Murphy’s Law

by Jacob H. Huebert
Pittsburgh Tribune-Review, March 18, 2002

Is it fair that one man should be forced to turn over his property to another man just because the other is his political superior? Pittsburgh Mayor Tom Murphy and City Planner Susan Golomb seem to think so.

Mayor Murphy, as you may know, once again is entertaining the use of the government’s power of eminent domain to take longtime Downtown businesses and real estate from their rightful owners and give the land to private developers who want to build things like a luxury hotel and new retail complex. This means that if community members like the 101-year-old family-owned Harris Brothers Florists and others who have been established there for decades refuse to surrender their property voluntarily, the city will simply take it from them.

The resurfacing of this threat has attracted the attention of the Institute for Justice, a Washington, D.C., public-interest law firm that represents victims of eminent domain abuse in court for free. The institute played a pivotal part in defending these same Pittsburghers two years ago, when Murphy threatened to take their businesses and hand their land over to Chicago developers. The IFJ has vowed to stand up for them again.

Golomb, whose Plan C Task Force recommended the use of eminent domain to the mayor, argues that the institute doesn’t have any business telling her and the mayor how to run their city. “I think the issue you should understand is that the Plan C Task Force is made up of Pittsburghers,” she says. “The Institute for Justice is not a group of Pittsburghers.”

Golomb seeks to smear the Institute for Justice as “out-of-towners,” as if they’re a band of tomahawk-wielding savages attacking the Block House at Point State Park. But this outrageous public relations stunt is nothing more than an execrable attempt to draw attention away from the real issue at hand.

Power Play

At the heart of the matter is the fact that Golomb and her task force want to snatch what lifelong Pittsburghers have worked all their lives to achieve so that she can have her way. The real issue, for the people who actually live and work Downtown, is that she wants to destroy the businesses that lower-income Pittsburgh residents depend on. In reality, Murphy and Golomb, through a political power play, want to use brute force to take from Pittsburgh’s poor and politically powerless, and give to the rich and politically powerful.

The mayor and Golomb try to sound nice about it by assuring us that eminent domain is only in their plans as a “last resort,” if the business and property owners don’t cooperate. This promise is meaningless. If eminent domain is on the table at all, then the city is, in fact, using the threat of eminent domain as a weapon against those local Pittsburghers. Their “last resort” promise is like a thug pointing a gun at you and telling you that he sure hopes you voluntarily cooperate with him so he doesn’t have to shoot you as a “last resort.” His enthusiasm for your voluntarily cooperation and “last resort” assurances probably wouldn’t make you feel any less like the victim of an armed robbery.

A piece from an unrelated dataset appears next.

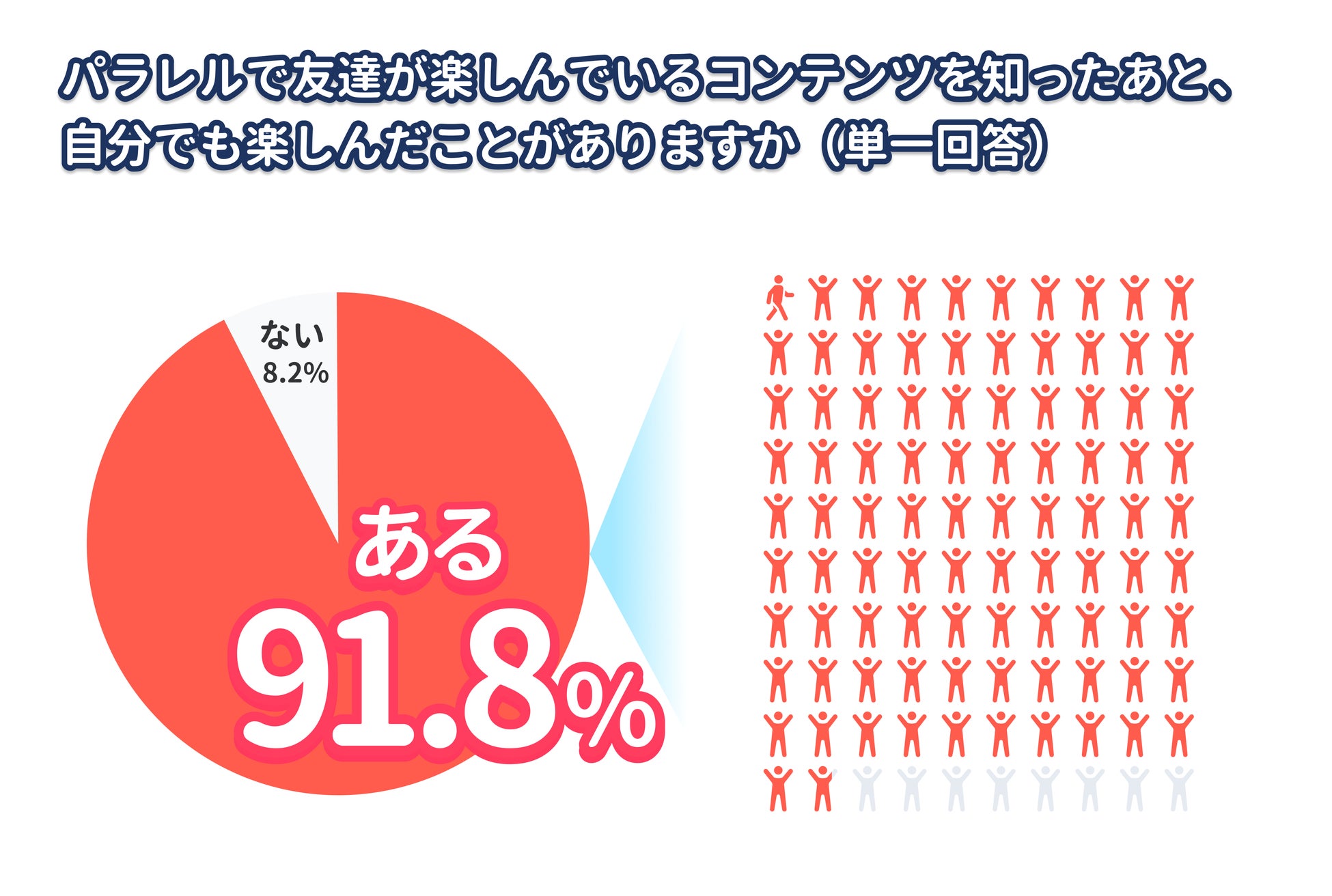 さらに「パラレルで友達が楽しんでいるコンテンツ(ゲーム、音楽、動画など)を知ったあと、そのコンテンツを自分自身でも楽しんだことがある」と回答したユーザーは約92%に達しました。

It is true that the city is permitted by the Fifth Amendment to use eminent domain to take private property for public purposes. And even though the Founding Fathers only intended that land may be taken for truly public projects, such as roads, courthouses and city halls — and not for private commercial developments – the present day activist courts have generally let city governments slide with anything they can remotely justify as a “public purpose.” So Mayor Murphy might just be able to condemn the property with impunity.

But will that make it right? Not unless you think that there is one standard of morality for private citizens and another standard of morality for mayors and city planners. That is, does stealing somehow become morally acceptable because a government official does it and a court approves it? Who could say that Murphy and Golomb will be doing anything other than stealing if they take the land and businesses Downtown by eminent domain or threats thereof?

Hardly Mutual

But, someone might argue, the Fifth Amendment requires that the people whose land is taken through eminent domain be compensated, so it’s not really theft. It’s true that the owners would be compensated, but whatever the city pays them will necessarily be less than the property is worth. Why? Because the market value of anything, including businesses and real estate, is only actually determined when a willing buyer and willing seller mutually agree to a price and execute a voluntary transaction. A private party couldn’t force you to sell your house just because they’re willing to pay what an appraiser says that it’s worth. If someone would take your property by force and pay you anything less than you would voluntarily accept without any threat, that’s stealing.

Even if it looks like Murphy and the city planners are going to close in and use eminent domain tactics, the business owners should stand their ground to the last. A thug who steals what he wants when the owner won’t give it to him doesn’t deserve the sanction of the victim.

That way, if the Downtown business owner/victims of Murphy’s Law won’t give their sanction to the mayor, and he has to go to court to take their property through legalized theft, then everyone will at least see Murphy’s actions for what they really are, and see Murphy for what he really is.